My father knew the key to growing quality product was quality spacing, so he understood that what we’re really selling is space. A lot of thought has to go into properly planning and spacing, otherwise you can run into a cram-fest, which will just result in poor quality.

We use a broad spectrum approach to our customer base footprint. From independent garden centers, big box stores, supermarkets, and yes, even seed and cutting companies. Our customer base is multifaceted. We keep it wide, which keeps us stable. So to meet the demand of such a broad customer base, we have to treat all of our customers, big or small, with our core philosophy: Grow quality and sell quality at the proper price.  

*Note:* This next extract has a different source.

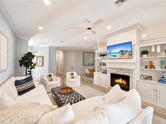 This stunning remodeled villa offers high ceilings, crown molding, and shiplap details. Coastal flooring and plantation shutters throughout the 2477 AC SF with 3 beds and 2.5 beautifully updated baths. The living room features a gas fireplace and French doors to the lanai with automatic retractable screen. Resort-style amenities include clubhouse, 4 swimming pools, 4 Har-Tru tennis courts, and a gym. Located in Baytree, a gorgeous gated ocean-to-river community under a canopy of old oak trees. HOA incl. Master Insurance, landscaping, & exterior maint.

Our main tools we use to build a successful foundation with our customers are quality and communication. The key to our success is, and always will be, based on our company’s roots of consistent quality. Our responsibility is to our end consumers. My father has preached to all of us: “You’re only as good as your last shipment.”

Tolerance for poor quality isn’t something he tolerated. Poor quality can happen with poor spacing and it can snowball. To avoid this, good use of space is essential. We can’t be willy-nilly with what goes where and when. A lot of time and effort goes into planning out every inch of our greenhouse. This allows us to avoid making spacing mistakes that can result in lesser quality. When deciding what to sell and what to grow for our customers, we have to keep in mind how much space is being used to ensure our customers get the absolute best quality.

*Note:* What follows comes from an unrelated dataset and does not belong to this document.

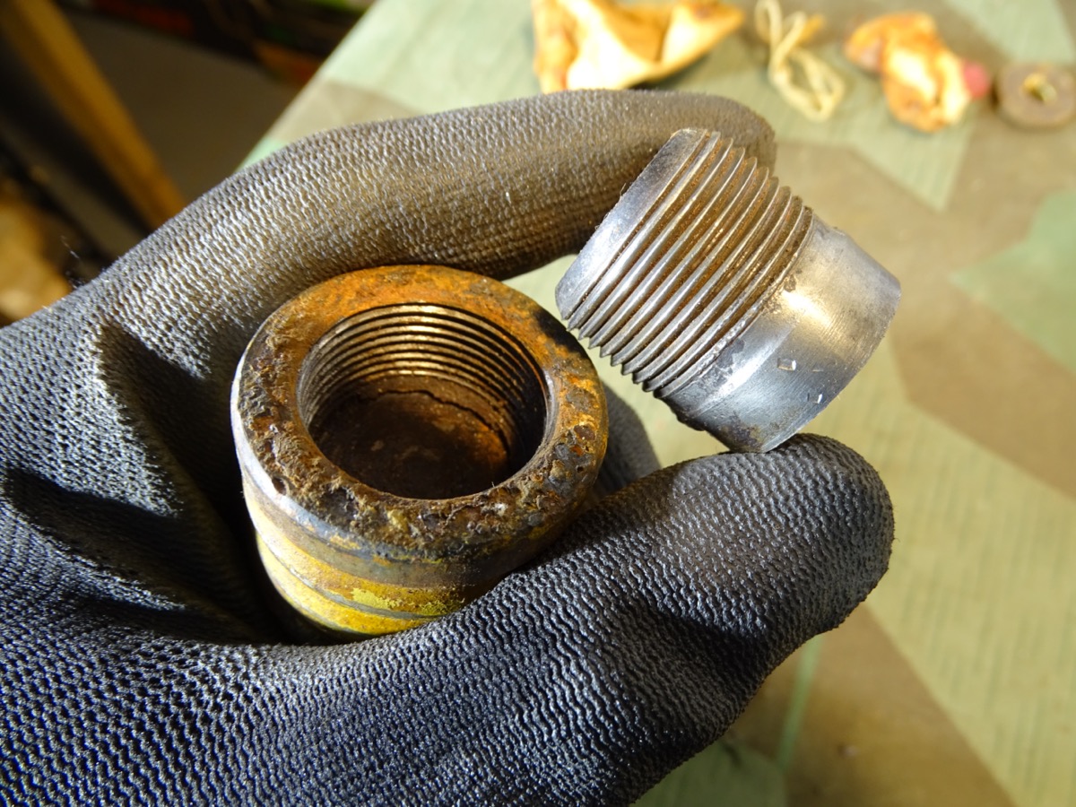 Anbei der Pappe Dichtungsring des Zünders in dem die Sprengkapsel saß.

Our company has been in business for 68 years and we continue to find inventive ways to grow. The important thing is all of our expansion is controlled, so it makes sense for our business. We grow by adding square footage and not by adding acres. Our biggest challenge for our business is the ability to expand physically, building new greenhouses with the margins we have to work with. We’ve learned over the years to be very creative to expand the business and make it work. We have to do it steady and slow so we can keep up with it. The cost of space is something we all need to be aware of to ensure the best quality for the price we’re receiving for that plant.

First, you have to figure out total square footage of usable growing space. It’s a whole process—you need to calculate overhead costs and then divide by 52 to get your weekly amount the overhead cost per square foot is. Then you add that number to the cost of raw goods, labor, marketing and transportation to reveal the cost of goods. And don’t forget to add shrink—it all adds up. We relook at the overhead per square foot on an annual basis and make our pricing changes accordingly.

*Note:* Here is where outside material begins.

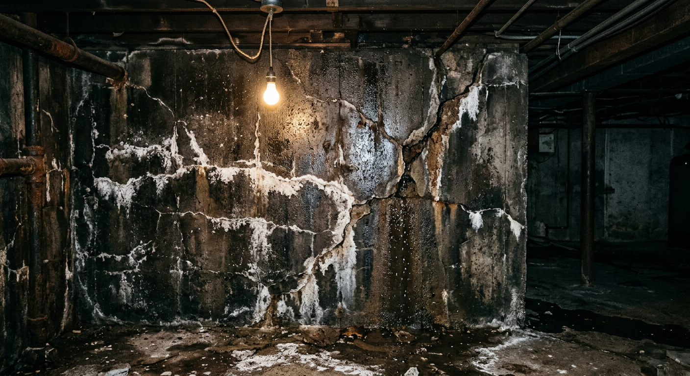 Efloressans (tuz birikimi), aktif su sızıntısı ve beton çatlakları — bodrum katlarda görülen klasik hasar tablosu.

More space for the plants usually equates to better quality. Proper spacing is essential to ensuring the plant grows to its best potential. However, we’re growing thousands of plants and they each require their own space, so it adds up.

One thing to also consider is the amount of time a plant is sitting in a space. It’s essentially renting that spot from future plants. (It’s as though you’re not just selling a space, you’re also selling a timeshare.) Some questions to consider include how many turns can you get in a season? Is the spec good? All of this has to be considered under a time restriction. These are products that have to be delivered as scheduled.

Space is becoming rare; this is the time to stop being timid about asking for a fair price for the space we’re using. Without a fair price, our industry cannot sustain itself for growth and stability.

We need to make sure we know who we are and where we really want to go and grow our company. Yes, we’re in the plant business. We sell quality plants, but we’re also selling quality spaces. That’s something to keep in mind for the future. GT


Amy Morris is Vice President of N.G. Heimos Greenhouses in Millstadt, Illinois. She can be reached at Amorris@ngheimos.com.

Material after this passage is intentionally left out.